# PRSI/Levies refund for AVCs



## davidrouse (1 Jul 2008)

If you are claiming a refund of PRSI and Levies (total 5%) for pension contributions made outside the net pay arrangement you need to submit a Form CGPRSI1 which is available for download-

[broken link removed]


----------



## ClubMan (1 Jul 2008)

Don't you mean 6% (4% _PRSI _+ 2% health contribution) for many (most?) _PAYE _workers (_Class A PRSI_)?

Same issue covered here I presume?

Claiming PRSI relief on standalone private pension/PRSA contribution


----------



## davidrouse (1 Jul 2008)

Correctly pointed out, 6% for Class A employees.

Class S (self-employed) are 5%.

Also worth pointing out you won't get PRSI/Levy refund until after you receive an Income Tax refund in respect of the pension contributions for which the claim is made.


----------



## ClubMan (1 Jul 2008)

davidrouse said:


> Also worth pointing out you won't get PRSI/Levy refund until after you receive an Income Tax refund in respect of the pension contributions for which the claim is made.

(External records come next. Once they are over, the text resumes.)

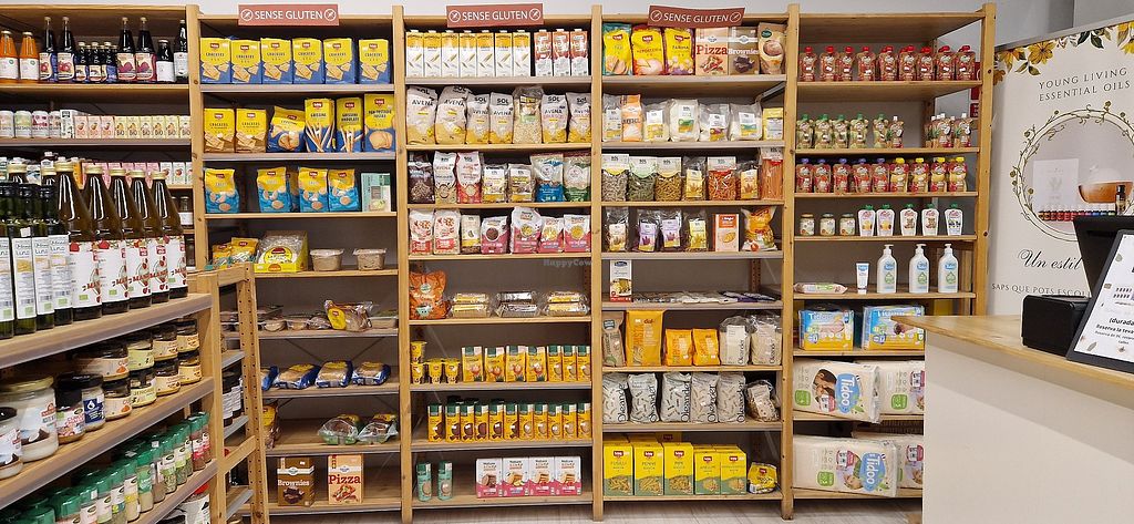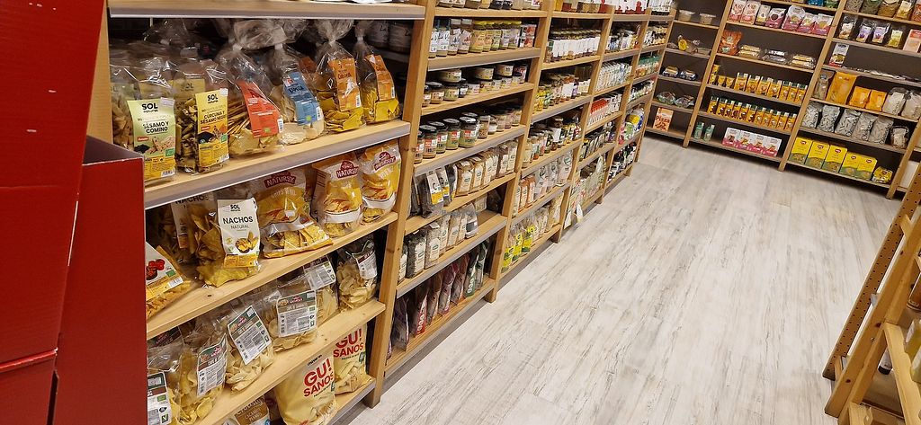 Very nice shop offering a lot of veg products such as seeds, flours, cookies, cupcakes, vegetable pates, legumes, coffee, teas, etc. Approximately 90% of the products are vegan.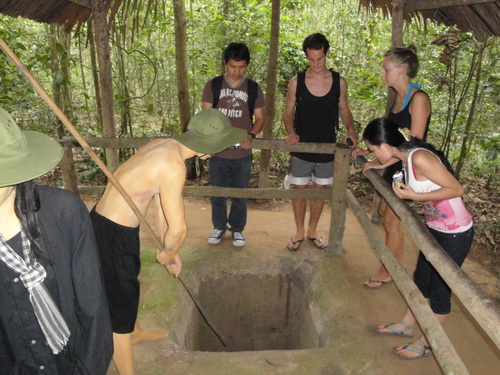 3469. อุโมงค์แห่งเมืองกุจี มีลักษณะลึกเป็นชั้นๆ เพื่อป้องกันการโจมตีจาก ระเบิดนาปาล์ม หรือ ระเบิดจากเครื่องบินรบ B-52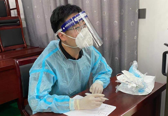 李世聪说:“在工作中,我第一次穿上防护服,戴上橡胶手套,那一瞬间就感觉整个身体靠近了熊熊燃烧的火炉,汗水不停地流淌,我感受到了医护人员的不易和辛苦。在工作中,小到几个月大的婴儿,大到九十多岁的老人,有孕妇,有拄着双拐的残疾人,大家积极配合,真的很让人感动。”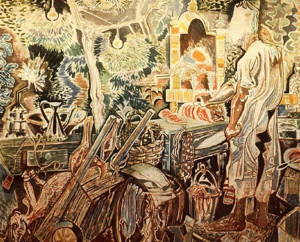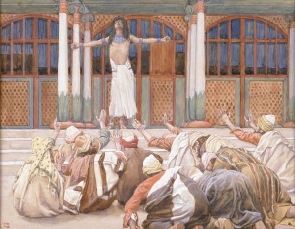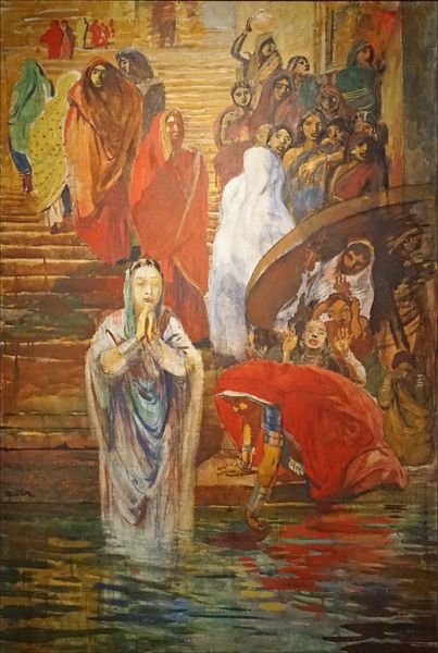 Curator: Looking at "The Progress of Medicine in the Philippines" by Botong Francisco, painted in 1953, one is immediately struck by its narrative density. Editor: Yes, it has a weighty feel, almost like gazing through a sepia-toned window into the past. The figures are monumental, creating a scene that feels both epic and intimate. Curator: The composition unfolds across multiple registers. Observe the layering, where Francisco positions figures in both the foreground and background, connected by visual pathways. Consider the chromatic scale and how he modulated the color in successive applications. Editor: Iconographically, I see a clear progression depicted. The painting appears to chart the evolution of healthcare practices within the Philippines, beginning with what seems to be traditional healing and moving towards modern medicine, evidenced by the figures representing healers. Curator: Precisely. Note how the figures are rendered—the intentional flattening of forms and the deliberate lack of perspective are crucial to the image's two-dimensionality, thus enhancing the monumental effect. The image becomes less illusionistic, more like a tapestry of sorts. Editor: And yet, within this formal construction, lies an exploration of Filipino identity and cultural memory. I'm particularly drawn to the characters seemingly based on ethnic tribal attires juxtaposed against figures resembling more conventional or modern characters, creating a potent representation of cultural change. Curator: Consider too, the interplay between line and shape—the crispness of certain contours versus the blending of colours—which constructs the scene. It reveals how Botong synthesises elements of both Western academic training with indigenist art, offering viewers a nuanced composition to decode. Editor: Indeed, seeing the various stages or evolutions depicted together symbolizes more than just progress in medicine. It acts as a visualization of national evolution and an intriguing reminder of historical turning points, each medical advance embodying broader cultural shifts. It feels powerful, almost like an assertion. Curator: I concur, such careful layering produces an enriching picture plane and makes "The Progress of Medicine in the Philippines" quite a visual masterpiece in Philippine Art. Editor: An artwork ripe with symbology and visual depth that speaks to broader historical contexts of cultural assimilation.
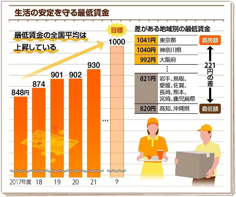 據(jù)日媒報(bào)道,關(guān)于提高最低工資,日本政府?dāng)M將力爭(zhēng)2025年度實(shí)現(xiàn)全國(guó)平均時(shí)薪達(dá)到1000日元(約合人民幣51元)以上這一目標(biāo),寫(xiě)入“新資本主義執(zhí)行計(jì)劃”的進(jìn)度表中。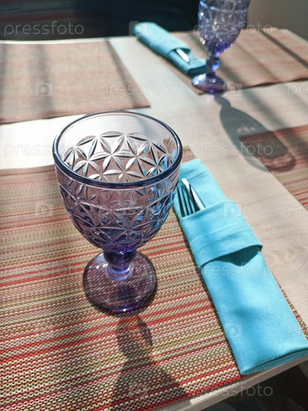 Пустое голубое стекло на столе в кафе со светлыми отражениями минималистического напитка натюрморта для меню и блогов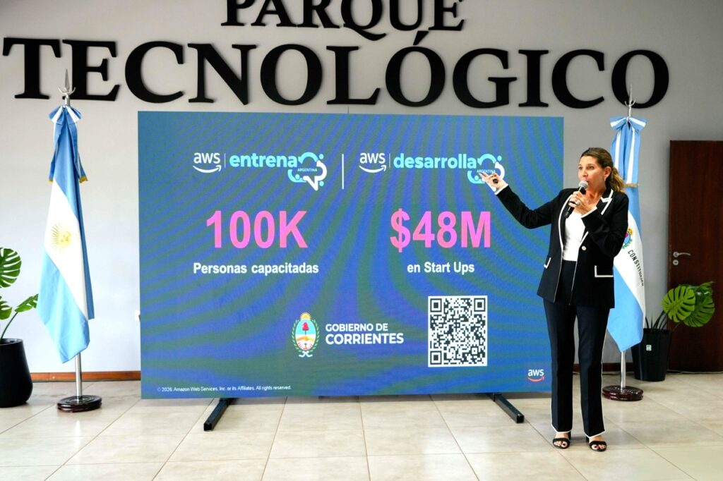 Amazon Web Services (AWS) lanzó en Corrientes dos programas que combinan formación en Inteligencia Artificial e inversión en emprendimientos tecnológicos locales. El acto se realizó en el Parque Tecnológico de la ciudad Capital, con la presencia del gobernador Juan Pablo Valdés y de Lorena Zicker, directora del Sector Público para la Región Sur de Latinoamérica de AWS, en el marco de un acuerdo público-privado que posiciona a la provincia como destino de expansión tecnológica en el país.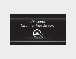 Si le conducteur n’a toujours pas les mains sur le volant après le rappel, le message « Aide au suivi de voie (LFA) annulée » apparaît et l’aide au suivi de voie est automatiquement annulée.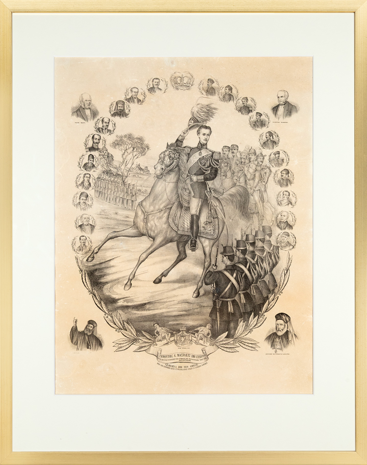 Λιθογραφία, 670 x 505 mm. Τίτλος στα ελληνικά και γαλλικά. Σε κορνίζα. • ΠΟΛΥ ΣΠΑΝΙΑ.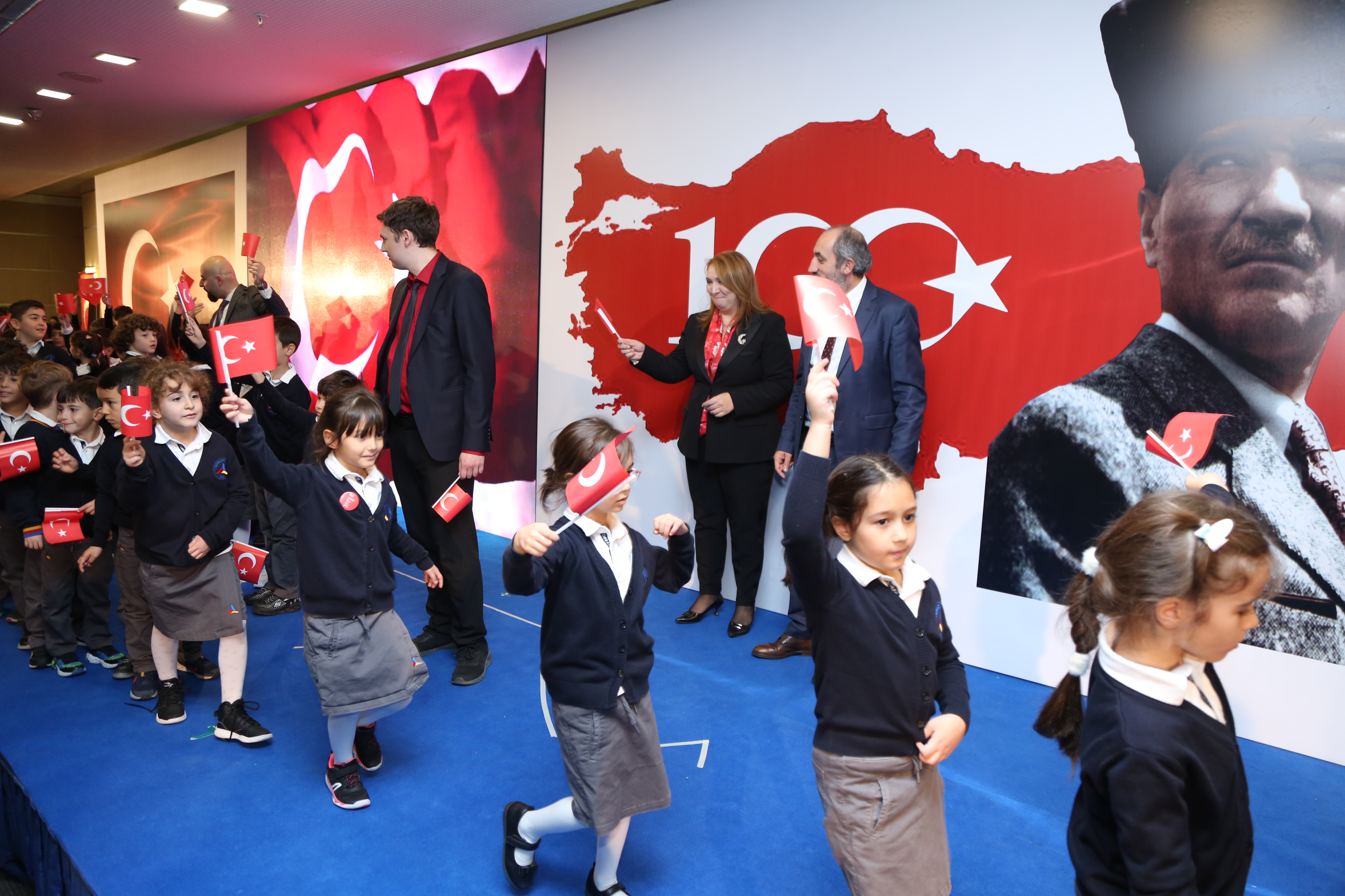 TOBB ETÜ Koleji tarafından hazırlanan, Rektörümüz Prof. Dr. Yusuf Sarınay ve Genel Sekreterimiz Prof. Dr. Olgun Değirmenci’nin de katılımlarıyla gerçekleşen program, üniversitemiz Konferans Merkezinde kolej öğrenci ve öğretmenlerimizin bayraklar ve Cumhuriyet pankartlarıyla yaptıkları geçit töreni ve marşlarla başladı.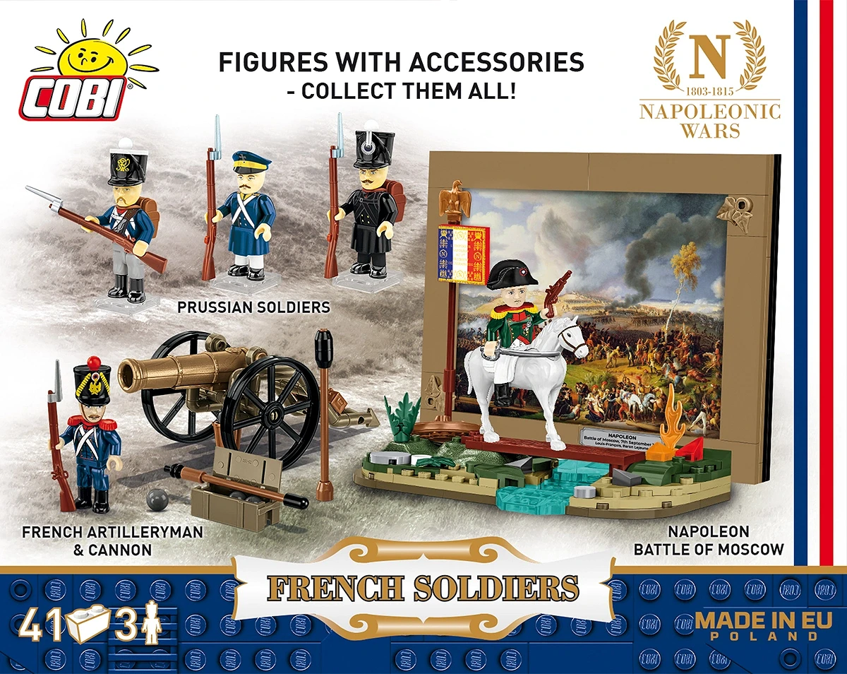 New elements – For the NAPOLEONIC WARS collection, completely new sets of accessories adapted to the realities of the Napoleonic era have been prepared. New shako caps, epaulets, backpacks, rifles with bayonets, pompoms and unique and durable prints. For every history enthusiast – this set is suitable for both play and display. Ideal for children over 5 years old and adult collectors who want to build Napoleonic Wars dioramas for their collection.

Yes - that is pointed out in the thread to which I linked above.


----------



## Dave Vanian (2 Jul 2008)

davidrouse said:


> Correctly pointed out, 6% for Class A employees.
> 
> Class S (self-employed) are 5%.
> 
> Also worth pointing out you won't get PRSI/Levy refund until after you receive an Income Tax refund in respect of the pension contributions for which the claim is made.


 
Can self-employed people claim back their PRSI and Levies in respect of RAC contributions using the form you link to above?


----------



## Clarkey (2 Jul 2008)

Dave Vanian said:


> Can self-employed people claim back their PRSI and Levies in respect of RAC contributions using the form you link to above?


 
No only paye workers get PRSI/Health levy relief on pension contributions


----------



## ClubMan (2 Jul 2008)

Clarkey said:


> No only paye workers get PRSI/Health levy relief on pension contributions


One of you is wrong so?

PRSI relief on Pension for self-employed


----------



## Clarkey (2 Jul 2008)

ClubMan said:


> One of you is wrong so?
> 
> PRSI relief on Pension for self-employed


 
Confirmed by Simplyjoe no relief for self employed income


----------



## ClubMan (2 Jul 2008)

Clarkey said:


> Confirmed by Simplyjoe no relief for self employed income


Are you sure? That's not how I read this post. In fact I got the complete opposite meaning to what you said above!


----------



## Clarkey (2 Jul 2008)

Read it again


----------



## ClubMan (2 Jul 2008)

Sorry - I overlooked a bit near the end.


----------



## jrewing (3 Jul 2008)

Up to what stage can I claim the PRSI refund on AVC contribution? I haven't yet filed my 2007 tax return.


----------



## ClubMan (3 Jul 2008)

You must claim tax relief first. Then you can claim _PRSI _relief. You can backdate such claims by 4 years as with tax claims as far as I know. But I think the _PRSI _refund scheme only came into force in 2006 or something like that anyway?


----------



## Clarkey (3 Jul 2008)

jrewing said:


> Up to what stage can I claim the PRSI refund on AVC contribution? I haven't yet filed my 2007 tax return.


 
AVCs are claimable up to filing date for 2007 return i.e. 31 October 2008 or approx. 2 weeks later if filing on ROS. If it is not *paid and claimed* by filing date you will only receive credit in your 2008 return

From Revenue leaflet IT14

If a contribution is paid after the end of the year, but before the following 31 October, relief may be allowed in the earlier year *provided an election to do so is made by the individual on or before the 31 October*. Taxpayers filing returns under ROS may avail of the extended filing date to make an election and pay a contribution


----------



## davidrouse (3 Jul 2008)

The extended deadline for ROS filers is Monday 17 November 2008. 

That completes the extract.